If the Lucene query syntax allows such "incomplete" range queries to be successfully parsed with the "to" as a normal keyword, then this may be a bug in the parser and should maybe filed as an issue there. But I'm pretty certain that it doesn't depend on stopwords.
As said, maybe it doesn't matter anyways, as long as the errors are prevented, but I thought it could still be helpful for the future (or a true fix for the issue, if it really is a bug in the parser).

cpliakas’s picture

Hi drunken monkey.

Thanks for bringing it up again. If there is a problem and I am not diagnosing it correctly, I appreciate someone such as yourself bringing it to the forefront. I've done a lot of digging around here as a result of your posts, and there is something going on with the parser when executing the searches illustrated in your detailed use cases above. I am still not seeing anything with range queries (I am var_dump()ing the query object after parsing), however I am seeing that queries are NOT wrapped in a boolean query when the words "and" or "to" are searched for, which is inconsistent with how all other queries are parsed. Instead, a multiterm query is returned, which IMHO is a bug in the parser. Looking at your use cases above, it makes sense that all your searches will produce fatal errors because the multiterm object doesn't have the getSubqueries() method available. If you have some time, take a look at the query objects that are returned by the Zend_Search_Lucene_Search_QueryParser::parse() method for various searches. I think you will find it very interesting as to what it produces. I definitely had a few WTF moments when looking at the results.

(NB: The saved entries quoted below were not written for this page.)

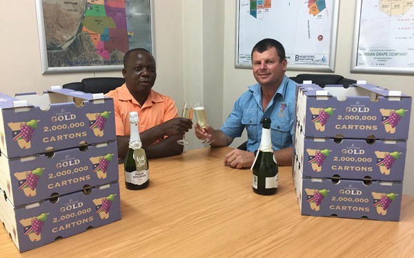 Capespan Namibia directors Gideon Nuunyango and Kobus Bothma toasting their best ever Namibian grape season (photos supplied by Capespan Namibia)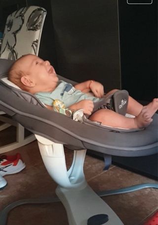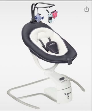 Hamaca de la marca Babymoov en muy buen estado, usada muy poco. - Color gris oscuro y blanco. - Incluye arco de juegos con peluches. - Arnés de seguridad de 5 puntos. - Detector de movimiento si el bebe se mueve - asiento giratorio con respaldo con 2 posiciones - temporizador - Con melodias y 2 tipos de balanceo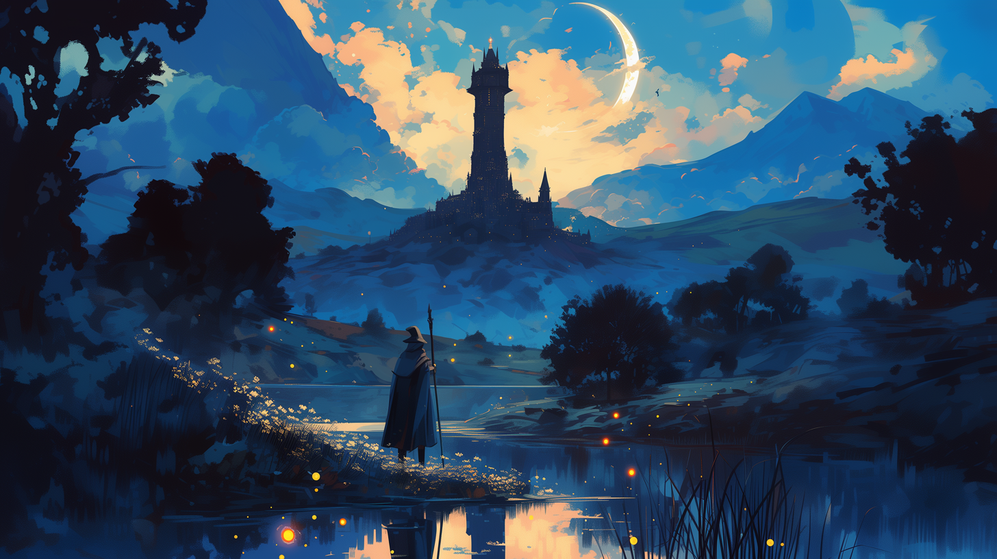 В честь окончания выдавил из миджорни арт, передающий атмосферу книги. Зараза никак не хочет рисовать башню в форме трезубца( Зато нашла место олдскульному кудеснику, при этом спрятав его неподражаемую улыбку.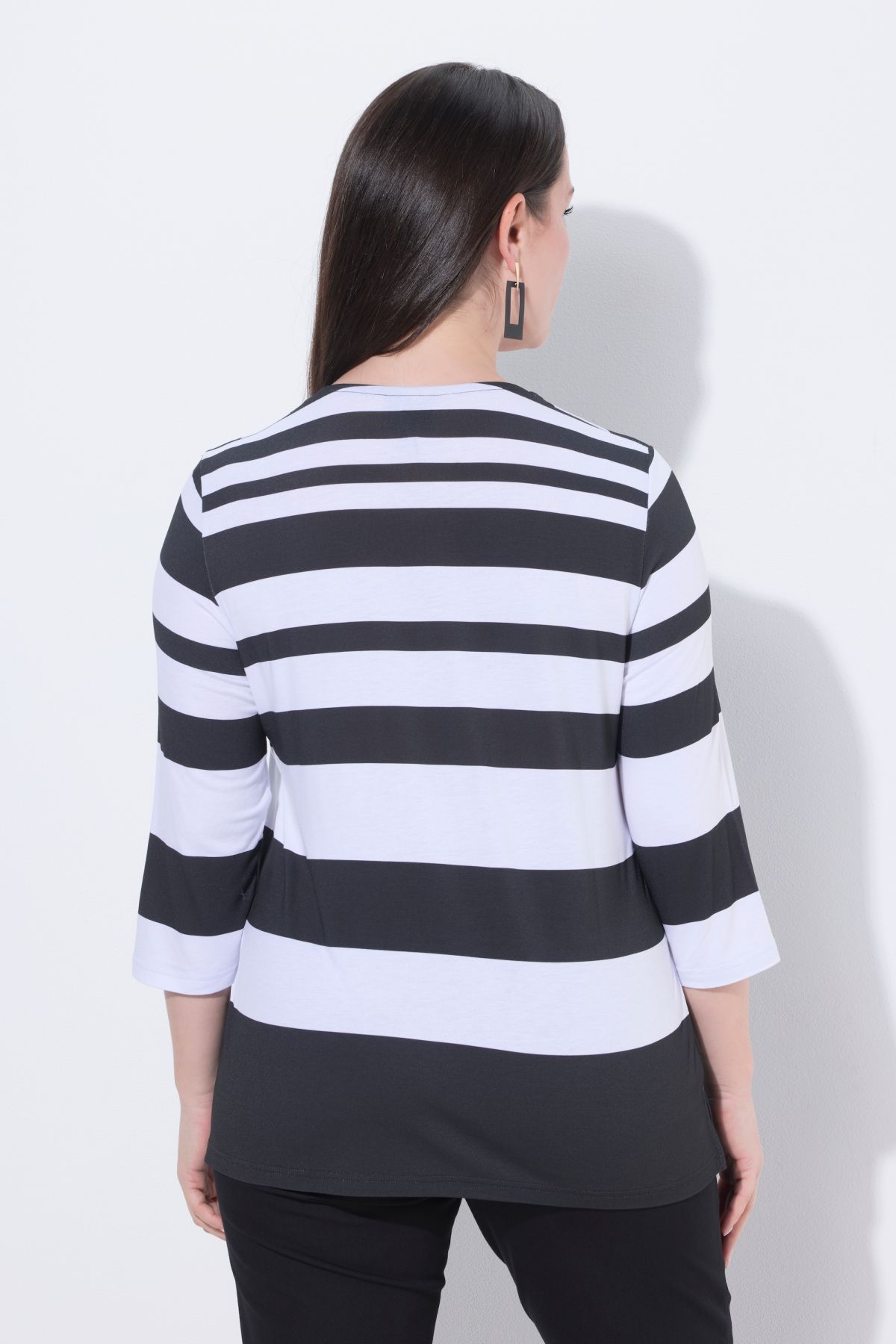 T-shirt à rayures, col rond et manches 3/4, buste doublé

In terms of the "critical bug", the fixes in commit #334096 do prevent the fatal errors from happening and was applied to the 2.2 release. It ultimately normalizes the query object so that it is wrapped in a boolean query if the words "and" or "to" are searched for. This is a very important first step, but I really like the direction you are going with your patches at #730064: Query won't execute if first key is a stopword because it handles these use cases much more gracefully and displays a more user friendly message as to what is going on. I definitely want to apply them towards the 6.x-2.3 release.

Thanks for all your hard work and input regarding this issue. It is very much appreciated.
~Chris

Status: Fixed » Closed (fixed)

Automatically closed -- issue fixed for 2 weeks with no activity.